Gastric cancer (GC) is one of the most frequent cancers worldwide. Recent studies have shown that long noncoding RNAs (lncRNAs) play critical roles in multiple biological processes, including oncogenesis. The present study aimed to evaluate the potential role of lncRNA H19 in GC. qRT-PCR was performed to investigate the expression of H19 in tumor tissues and corresponding non-tumor lung tissues from 80 patients with GC and in GC cell lines. The Kaplan–Meier method and Cox proportional hazards analysis were used to evaluate the association between H19 expression and overall survival time (OS). The biological significance of H19 was evaluated using siRNAs in vitro.
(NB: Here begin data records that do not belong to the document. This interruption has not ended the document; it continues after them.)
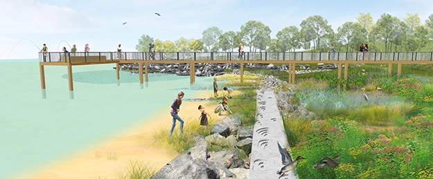 Supermass Studio partnered with the City of Kingston to develop a climate adaptive framework plan for Kingston Point beach and wetlands. The plan will mitigate the threat of sea level rise and provide accessible recreational lands while protecting valuable natural resources.
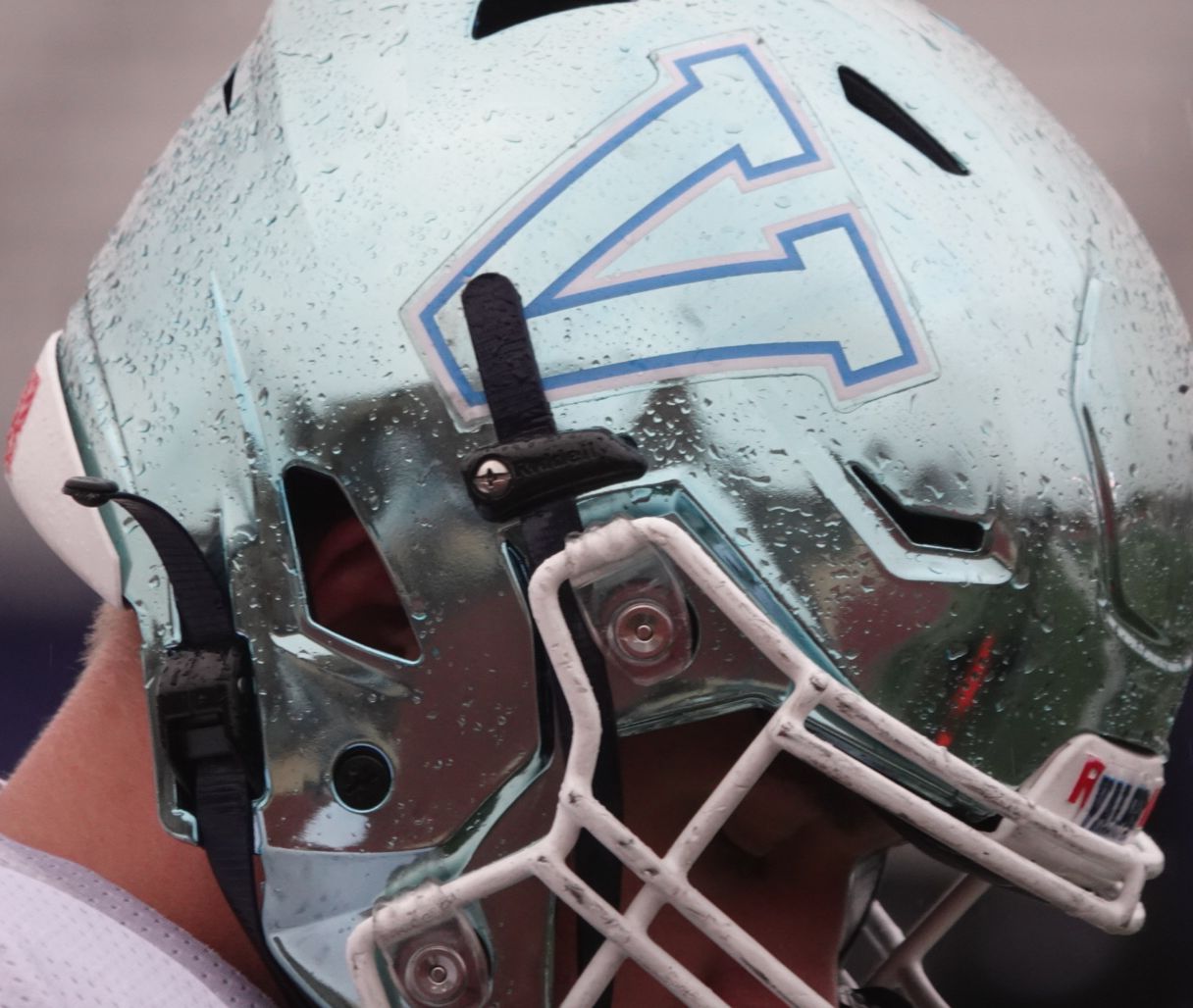 Valor practice helmet decal at Valor football practice in Highlands Ranch, Colorado 11-8-2023 (Augustus Oswald, CU News Corps).
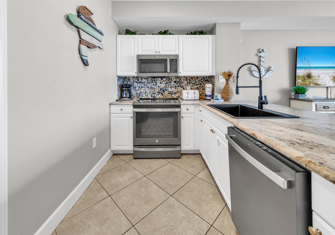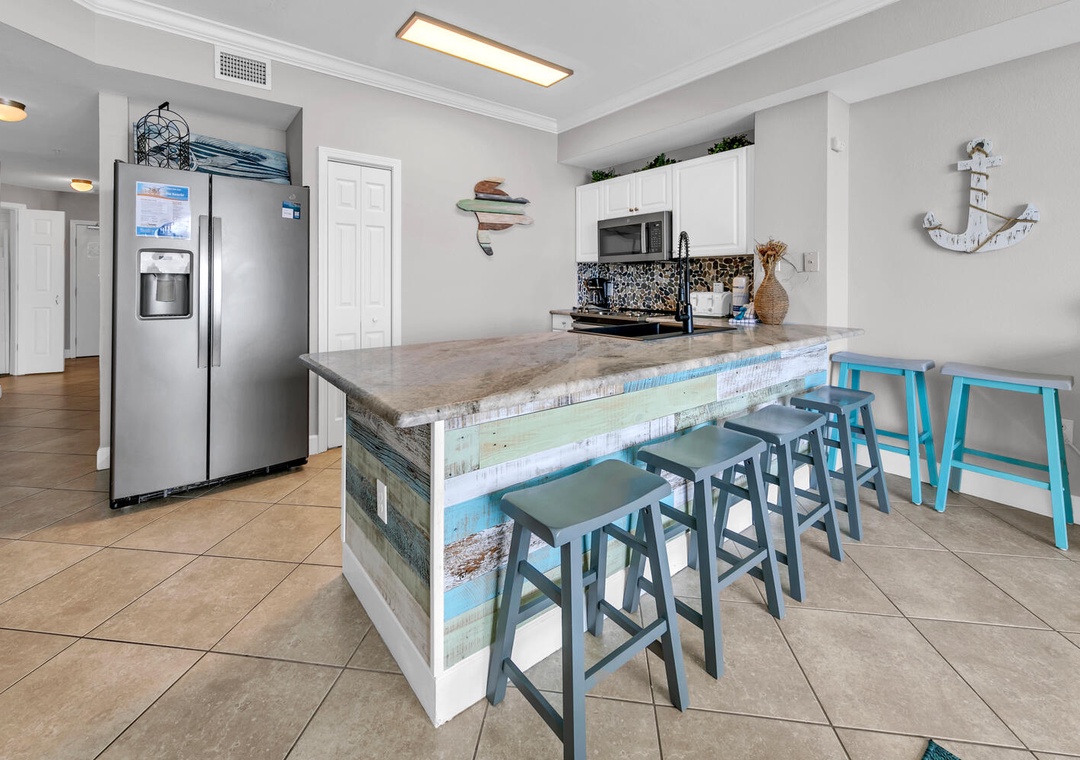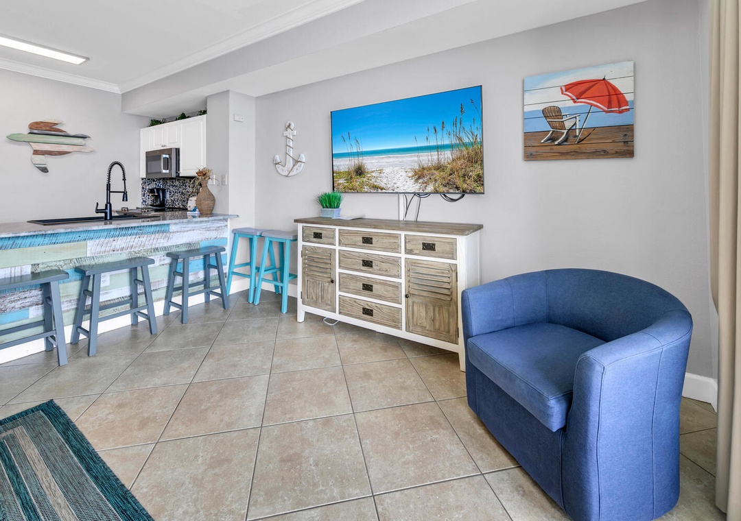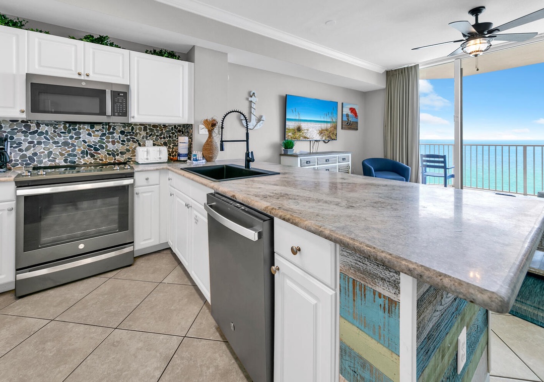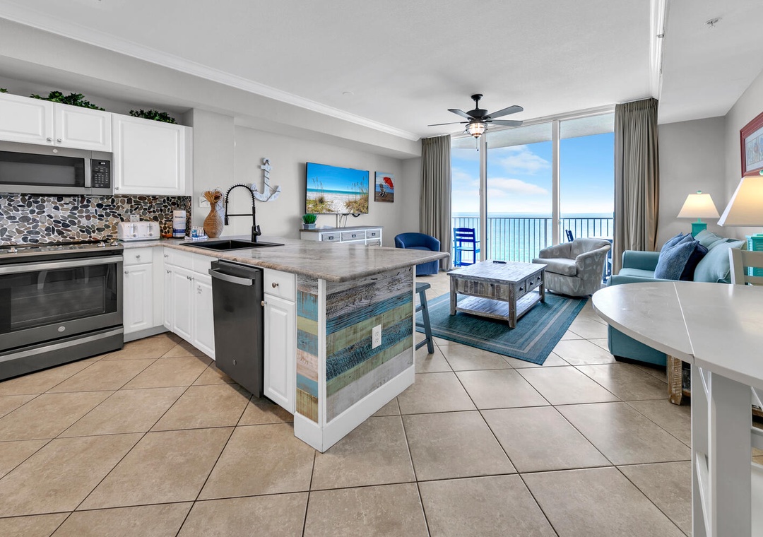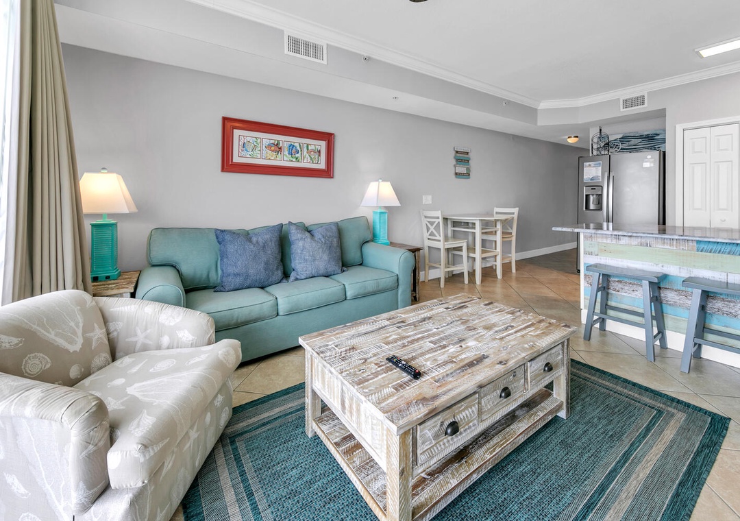 Treat yourself to a getaway at Tidewater 1916 is a stunning 1-bedroom 2-bathroom condo! A perfect vacation for a small family getaway. Listen to the sounds of the Gulf and let all of your cares float away with the gentle breeze. The master bedroom has a king bed and bunk room perfect for children with a twin over-twin bunk room and queen sleeper sofa in the living room. This condo sleeps 6 comfortably. Prepare anything from your morning coffee to your dinner in the well-equipped kitchen. Have breakfast sitting on the balcony enjoying the views. Come see why the fun never stops at Tidewater 1916!

We also constructed a c-Myc plasmid to investigate the cause of the altered expression of H19 in the progression of GC. The results show that lncRNA H19 is overexpressed in tumor tissues compared with adjacent normal tissues. An advanced tumor-node-metastasis stage was positively correlated with increased H19 expression (P < 0.001), and a high H19 expression was associated with poor OS and can be regarded as an independent predictor of the OS of GC patients (P = 0.042). MTT and colony formation assays confirmed that H19 expression affects GC cell proliferation in vitro. Furthermore, exogenous c-Myc significantly induces H19 expression, and the expression of H19 was positively correlated with the c-Myc levels in the 80 samples used in our study (Pearson correlation coefficient = −0.687). In conclusion, our study demonstrates that the altered expression of lncRNA H19, which is induced by c-Myc, is involved in the development and progression of GC by regulating cell proliferation and shows that H19 may be a potential diagnostic and prognostic target in patients with GC.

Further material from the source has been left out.